**INSTRUCTIONS TO FOLLOW:** Once you find the line with "- Versatile Strength: Chemical" in the data that follows, repeat it and every line after it exactly, through the line with "Et par røde".

**SUPPLIED ENTRIES:**
************

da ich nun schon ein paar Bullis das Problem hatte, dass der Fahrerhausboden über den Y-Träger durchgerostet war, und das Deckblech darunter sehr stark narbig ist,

************

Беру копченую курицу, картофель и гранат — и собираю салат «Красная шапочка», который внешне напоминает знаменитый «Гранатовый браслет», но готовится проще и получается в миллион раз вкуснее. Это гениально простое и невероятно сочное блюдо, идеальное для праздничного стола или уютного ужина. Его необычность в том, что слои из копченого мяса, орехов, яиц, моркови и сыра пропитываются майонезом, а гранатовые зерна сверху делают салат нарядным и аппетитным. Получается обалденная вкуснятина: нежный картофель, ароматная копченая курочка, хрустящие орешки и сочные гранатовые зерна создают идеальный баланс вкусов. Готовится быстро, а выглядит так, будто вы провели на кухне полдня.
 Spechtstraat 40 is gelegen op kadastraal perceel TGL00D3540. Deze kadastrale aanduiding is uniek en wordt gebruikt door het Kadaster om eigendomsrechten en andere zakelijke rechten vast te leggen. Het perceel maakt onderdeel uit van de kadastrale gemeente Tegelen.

************

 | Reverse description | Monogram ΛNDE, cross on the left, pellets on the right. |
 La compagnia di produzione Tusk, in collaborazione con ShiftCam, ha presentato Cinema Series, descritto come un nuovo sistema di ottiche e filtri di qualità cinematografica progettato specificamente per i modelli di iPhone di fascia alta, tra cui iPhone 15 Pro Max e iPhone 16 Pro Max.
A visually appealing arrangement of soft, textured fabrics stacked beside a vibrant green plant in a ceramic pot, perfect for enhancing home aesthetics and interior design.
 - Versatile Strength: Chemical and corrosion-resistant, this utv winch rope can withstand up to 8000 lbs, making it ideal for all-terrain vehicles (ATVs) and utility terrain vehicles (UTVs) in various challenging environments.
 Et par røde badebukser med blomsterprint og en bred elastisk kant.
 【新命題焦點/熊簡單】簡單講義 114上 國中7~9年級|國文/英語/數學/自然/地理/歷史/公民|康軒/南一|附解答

************

**RESULT OF THIS EXERCISE:**
 - Versatile Strength: Chemical and corrosion-resistant, this utv winch rope can withstand up to 8000 lbs, making it ideal for all-terrain vehicles (ATVs) and utility terrain vehicles (UTVs) in various challenging environments.
 Et par røde badebukser med blomsterprint og en bred elastisk kant.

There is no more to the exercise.